It is a figure which shows schematic structure of the boiling water reactor which is the application object of the fuel extraction method of the reactor of this invention, a fuel loading method, and a fuel exchange method. FIG. 2 is a horizontal sectional view of the entire core in FIG. 1. FIG. 2 is a horizontal sectional view of four fuel assemblies and a cross-shaped control rod in FIG. 1. FIG. 2 is a vertical sectional view showing the overall structure of the fuel assembly in FIG. 1. FIG. 2 is a horizontal sectional view showing the arrangement of four fuel assemblies in FIG. 1 together with an upper lattice plate. It is a flowchart which shows the fuel replacement | exchange method of the conventional nuclear reactor. In order to confirm the satisfaction of the reactor shutdown margin in the fuel replacement method of the nuclear reactor according to the present invention, the loading pattern of the fuel assembly as a result of the computer simulation in the core system using the fuel assembly having the fuel rod configuration of 10 rows and 10 columns ( It is a characteristic view which shows the relationship between a horizontal axis) and an effective neutron multiplication factor (vertical axis). It is a flowchart for demonstrating the fuel replacement method and fuel extraction method of the nuclear reactor which is Example 1 of this invention. It is a fragmentary sectional view which shows the partial drawing-out state of the cross-shaped control rod in Example 1 of this invention. It is a fragmentary sectional view which shows the full insertion state of the cross-shaped control rod in Example 1 of this invention. It is a flowchart for demonstrating the fuel loading method of the reactor which is Example 2 of this invention.
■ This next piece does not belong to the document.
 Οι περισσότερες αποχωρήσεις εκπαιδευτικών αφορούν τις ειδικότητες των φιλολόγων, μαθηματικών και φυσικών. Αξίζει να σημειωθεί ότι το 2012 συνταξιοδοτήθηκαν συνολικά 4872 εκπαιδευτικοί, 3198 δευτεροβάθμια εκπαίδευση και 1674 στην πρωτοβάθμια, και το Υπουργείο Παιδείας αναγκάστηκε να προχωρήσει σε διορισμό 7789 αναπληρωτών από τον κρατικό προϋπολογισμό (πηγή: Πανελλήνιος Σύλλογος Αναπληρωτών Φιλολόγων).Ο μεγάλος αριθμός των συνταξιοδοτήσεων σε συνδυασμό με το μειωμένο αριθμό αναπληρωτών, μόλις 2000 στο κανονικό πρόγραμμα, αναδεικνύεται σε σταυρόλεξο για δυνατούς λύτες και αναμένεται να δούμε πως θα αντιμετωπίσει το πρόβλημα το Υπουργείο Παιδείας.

It is a flowchart for demonstrating the fuel loading method of the nuclear reactor which is Example 3 of this invention.

  In the nuclear reactor fuel extraction method, fuel loading method, and fuel replacement method of the present invention, the cross-shaped control rod is partially removed when the fuel assembly is loaded (the cross-shaped control rod is partially The state of being pulled out or inserted is one of the means. Therefore, it must be ensured that the core does not become critical even in this state.
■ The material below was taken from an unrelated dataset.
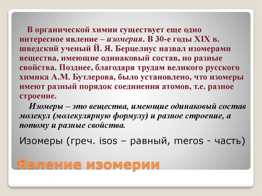 В органической химии существует еще одноинтересное явление – изомерия. В 30-е годы XIX в.

  The parameter indicating the criticality is called the effective neutron multiplication factor. The core becomes critical when the effective neutron multiplication factor reaches 1. The reactor core can maintain subcriticality with a margin even if all the cross-shaped control rods are fully inserted in a cold state, even if any one cross-shaped control rod is not inserted due to malfunction or the like. Designed. This is called furnace shutdown margin.

  The inventors of the present invention have a reactor core using a fuel assembly having a 10-row and 10-column fuel rod configuration and a core using a fuel assembly having a 9-row and 9-column fuel rod configuration. Computer simulations were performed using two types of systems. It was confirmed that both systems satisfy the furnace shutdown margin.
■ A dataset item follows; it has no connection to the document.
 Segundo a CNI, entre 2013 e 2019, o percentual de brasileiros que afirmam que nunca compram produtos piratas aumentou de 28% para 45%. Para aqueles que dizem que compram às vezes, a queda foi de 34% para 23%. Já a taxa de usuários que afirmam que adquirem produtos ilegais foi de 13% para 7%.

  In the following, the results of the study based on the former system will be described with reference to FIG. FIG. 7 shows the relationship between the loading pattern (horizontal axis) of the fuel assembly and the effective neutron multiplication factor (vertical axis) as a result of the computer simulation in the core system using the fuel assembly having the fuel rod configuration of 10 rows and 10 columns. Is.

  The items in FIG. 7 are the values of the effective neutron multiplication factor of the core at the time of cold as follows. That is, “CRfullin” in FIG. 7 is a state in which all fuel assemblies are loaded and the cross-shaped control rods are fully inserted, and “CRfullout” is a state in which all fuel assemblies are loaded and the cross-shaped control rods are all pulled out. “1 stack” indicates that the fuel assembly is loaded, and when all the cross-shaped control rods are inserted, only one cross-shaped control rod is fully pulled out in the core. “1 cell” indicates that the fuel assembly is loaded. When the cruciform control rods are fully inserted, only one diagonal fuel cell is loaded in a single cell in the core, and the cruciform control rods are fully pulled out, “1/4 Core” Is a state in which only two fuel assemblies are loaded for 1/4 of the cells in the core and the cross-shaped control rods are fully pulled out. “FullCore” is the diagonal for all cells in the core. Only two fuel assemblies are loaded and the cross-shaped control rod is fully pulled out Each state is shown.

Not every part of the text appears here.